## INFORMATION SUPPLIED
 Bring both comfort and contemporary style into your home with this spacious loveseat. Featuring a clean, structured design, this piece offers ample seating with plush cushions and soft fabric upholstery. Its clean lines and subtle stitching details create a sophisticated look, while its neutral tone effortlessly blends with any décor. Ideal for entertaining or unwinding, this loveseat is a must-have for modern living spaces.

* * *

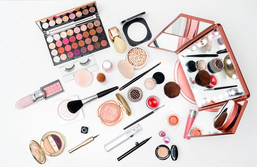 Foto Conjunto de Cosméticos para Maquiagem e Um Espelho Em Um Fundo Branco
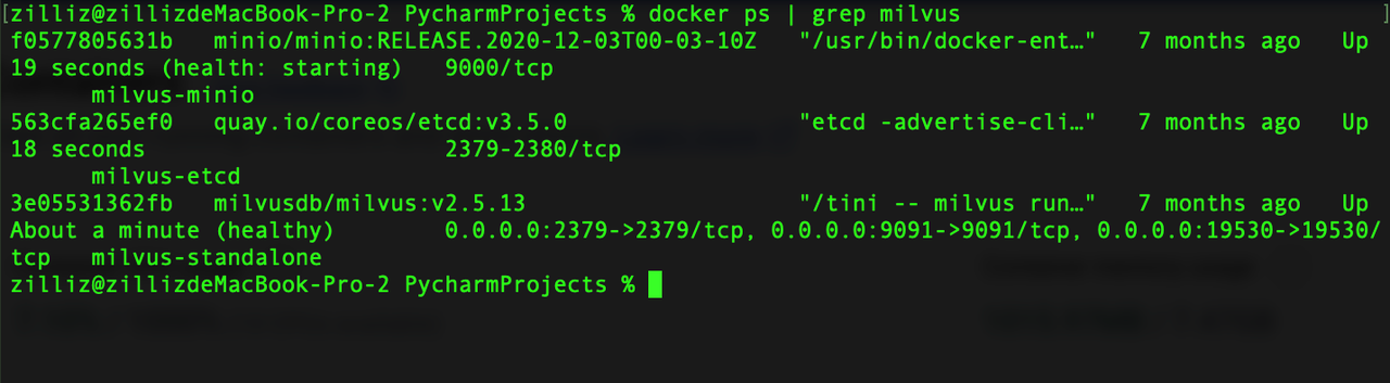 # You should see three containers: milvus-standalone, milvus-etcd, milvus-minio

## ASSIGNED TASK
Could you transcribe exactly the entries above, but only the lines from the one with "Foto Conjunto de" through the one with "# You should", and without pictures?

## RESPONSE BELOW
 Foto Conjunto de Cosméticos para Maquiagem e Um Espelho Em Um Fundo Branco
 # You should see three containers: milvus-standalone, milvus-etcd, milvus-minio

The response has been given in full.